Савелов-средний считался никчемным мужиком, попавшим под каблук жены и без стыда и совести забывшим свою родню, но он все-таки пришел на этот полурадостный-полугорький вечер, то ли встречу, то ли проводы, и Савелов-старший, чинно, в белой рубахе и синих парадных брюках сидящий за столом, не поддевал его как обычно, доводя до истерики жену Савелова-среднего, крупную, дебелую тетю Мотю, а Савелов-младший, уже отжалевший Савелова-старшего, весь в светлых планах на будущее, тянулся к крепкому брату, восторгаясь его основательностью, спокойствием и ровным течением жизни, думая и свою жизнь строить так же прочно и неспешно, еще не сознаваясь себе, но уже презирая всех неудачников и безжалостно относя к их числу Савелова-старшего.

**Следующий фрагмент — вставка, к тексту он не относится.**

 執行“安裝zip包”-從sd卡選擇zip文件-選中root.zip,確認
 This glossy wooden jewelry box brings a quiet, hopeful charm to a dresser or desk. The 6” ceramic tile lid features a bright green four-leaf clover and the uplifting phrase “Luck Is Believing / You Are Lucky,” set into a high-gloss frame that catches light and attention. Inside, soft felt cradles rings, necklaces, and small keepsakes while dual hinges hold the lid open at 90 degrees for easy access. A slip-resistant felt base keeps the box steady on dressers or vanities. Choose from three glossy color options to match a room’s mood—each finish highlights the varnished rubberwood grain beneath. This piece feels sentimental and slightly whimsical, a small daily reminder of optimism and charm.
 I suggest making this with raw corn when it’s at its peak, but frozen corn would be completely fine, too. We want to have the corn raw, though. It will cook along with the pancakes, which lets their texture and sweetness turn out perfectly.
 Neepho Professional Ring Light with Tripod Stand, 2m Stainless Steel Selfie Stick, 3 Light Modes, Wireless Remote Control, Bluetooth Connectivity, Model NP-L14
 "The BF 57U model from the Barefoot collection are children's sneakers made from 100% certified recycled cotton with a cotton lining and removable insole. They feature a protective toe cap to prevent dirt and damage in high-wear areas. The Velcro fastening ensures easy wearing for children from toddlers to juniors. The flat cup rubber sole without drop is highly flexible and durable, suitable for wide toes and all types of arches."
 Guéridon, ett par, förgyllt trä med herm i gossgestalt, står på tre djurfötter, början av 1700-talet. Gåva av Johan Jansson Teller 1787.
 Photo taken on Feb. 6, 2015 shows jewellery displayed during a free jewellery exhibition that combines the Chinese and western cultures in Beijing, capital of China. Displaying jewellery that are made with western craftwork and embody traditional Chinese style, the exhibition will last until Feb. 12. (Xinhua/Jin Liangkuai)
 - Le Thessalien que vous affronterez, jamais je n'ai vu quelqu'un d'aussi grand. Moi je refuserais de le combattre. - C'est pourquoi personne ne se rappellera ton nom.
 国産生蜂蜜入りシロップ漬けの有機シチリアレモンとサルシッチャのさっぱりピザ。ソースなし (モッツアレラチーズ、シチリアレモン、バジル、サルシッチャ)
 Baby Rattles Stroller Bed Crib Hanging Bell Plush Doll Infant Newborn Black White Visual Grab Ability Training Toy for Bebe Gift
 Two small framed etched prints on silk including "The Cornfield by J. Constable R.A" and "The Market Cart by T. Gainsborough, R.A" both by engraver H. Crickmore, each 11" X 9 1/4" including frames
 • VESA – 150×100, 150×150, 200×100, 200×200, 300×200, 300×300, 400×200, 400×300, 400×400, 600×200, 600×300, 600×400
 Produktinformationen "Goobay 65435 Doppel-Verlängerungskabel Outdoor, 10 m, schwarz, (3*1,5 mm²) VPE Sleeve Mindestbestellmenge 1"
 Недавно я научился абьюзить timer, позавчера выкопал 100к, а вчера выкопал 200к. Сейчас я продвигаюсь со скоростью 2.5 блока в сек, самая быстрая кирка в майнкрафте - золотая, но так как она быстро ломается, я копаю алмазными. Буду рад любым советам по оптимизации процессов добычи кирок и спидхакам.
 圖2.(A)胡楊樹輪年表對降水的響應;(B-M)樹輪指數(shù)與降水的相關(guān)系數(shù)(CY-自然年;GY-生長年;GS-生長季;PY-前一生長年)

С Савелова-старшего уже взяли подписку о невыезде, участковый Прохорюк сидел тут же, за столом, обмахивался поданным ему персональным полотенцем, похрустывал огурцами, причмокивал, багровел шеей с упруго ходящим под пуговицей форменной рубашки кадыком и, повторяя после каждой рюмки: «Ничо, ничо, сосед, всяко быват, быват...», снова хрустел, тянулся к тарелкам, подмигивал теть Моте, и та фыркала, а Савелов-средний молчал, словно не ловил жену и Прохорюка на задворках своего огорода в непотребном виде... Теть Зина суетилась, подавая закуски, меняя бутылки с самогоном, шепча теть Моте в ухо, прикрытое кудряшками: «Ты уж поговори, выручи», и та недовольно кивала, снисходительно поглядывая сразу на всех троих: Савелова-старшего, мужа и Прохорюка. «Век не забуду», – шептала теть Зина и садилась рядышком с мужем, прижималась к нему, еле сдерживая слезы, подкладывала на тарелку все новые и новые закуски, хотела даже покормить Савелова-старшего сама, как кормила с ложечки телят и другую беззащитную животину, но вовремя спохватывалась и говорила невпопад: «Кушайте, кушайте, гости дорогие...».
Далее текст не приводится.